# excellent cichlid pellets



## SnowCichlid (Jan 10, 2003)

Sweet I finally got my red on some floating cichlid pellets this weekend, It finally gave in and gave them a shot, and now it eats em all too, not to mention its eating the tubifex worms now too :smile:
even more variety now to add to the list.
you have any foods you are working on?


----------



## dead golfish (Apr 24, 2003)

not really but umm im going to my big als store and im going to try sum chichlid pellets of my own on my babies cuz its easier to introduce to them when they are babies


----------



## dead golfish (Apr 24, 2003)

not really but umm im going to my big als store and im going to try sum chichlid pellets of my own on my babies cuz its easier to introduce to them when they are babies


----------



## SnowCichlid (Jan 10, 2003)

dead golfish said:


> not really but umm im going to my big als store and im going to try sum chichlid pellets of my own on my babies cuz its easier to introduce to them when they are babies


 yeah it is easier to introduce foods to P's when they are smaller, so good luck with that
and pellets that have a good nutritional value in them are always good to include in the diet :smile:


----------



## Death in #'s (Apr 29, 2003)

what brand of pellets are u usin


----------



## jasert39 (May 1, 2003)

Yeah what brand?
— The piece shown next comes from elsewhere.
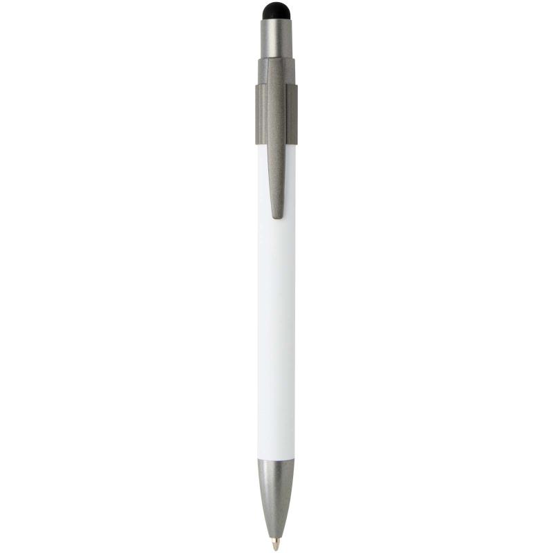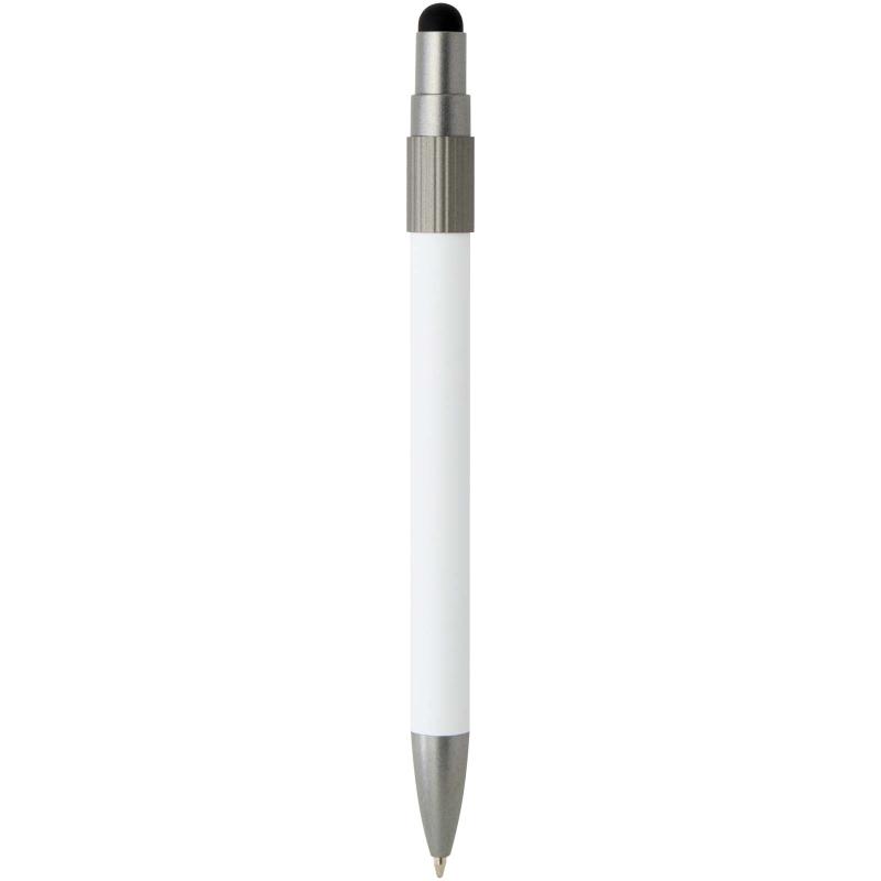 Ballpoint pen with stylus and fidget spinner, combining practicality with a playful design. The pen is made from RCS certified recycled aluminium and features a smooth push mechanism and a stylus tip for touchscreen use. A built-in fidget spinner on top adds a stress-relieving touch (just flick to activate). Pen ink colour: blue. Writing length: 1000 metres.

When they are young you can get them to anything


----------



## InSinUAsian (Jan 3, 2003)

I got my Gold Spilo school to take cichlid Hikari gold pellets. Sometimes it is just easier to feed pellets. I usually offer pellets now every other day. If you an get your p's one a pellet supplimented diet I would highly encourage doing so. It provides a great suppliment to the everyday meat they are used to getting. Plus some pellets, like hikari gold, is made to also enhance color. Makes Gold Spilos look amazing and from what Ive seen, good effects in reds.

~Dj


----------



## Death in #'s (Apr 29, 2003)

thanks i will go and pick them up







how much do you feed them


----------



## InSinUAsian (Jan 3, 2003)

Its variable from fish to fish. You will eventually figure out how much to offer. The first few times you offer pellets, your fish may be reluctant to take them. Be persistant, eventually they will accept them.

~Dj


----------



## Death in #'s (Apr 29, 2003)

cool thanks


----------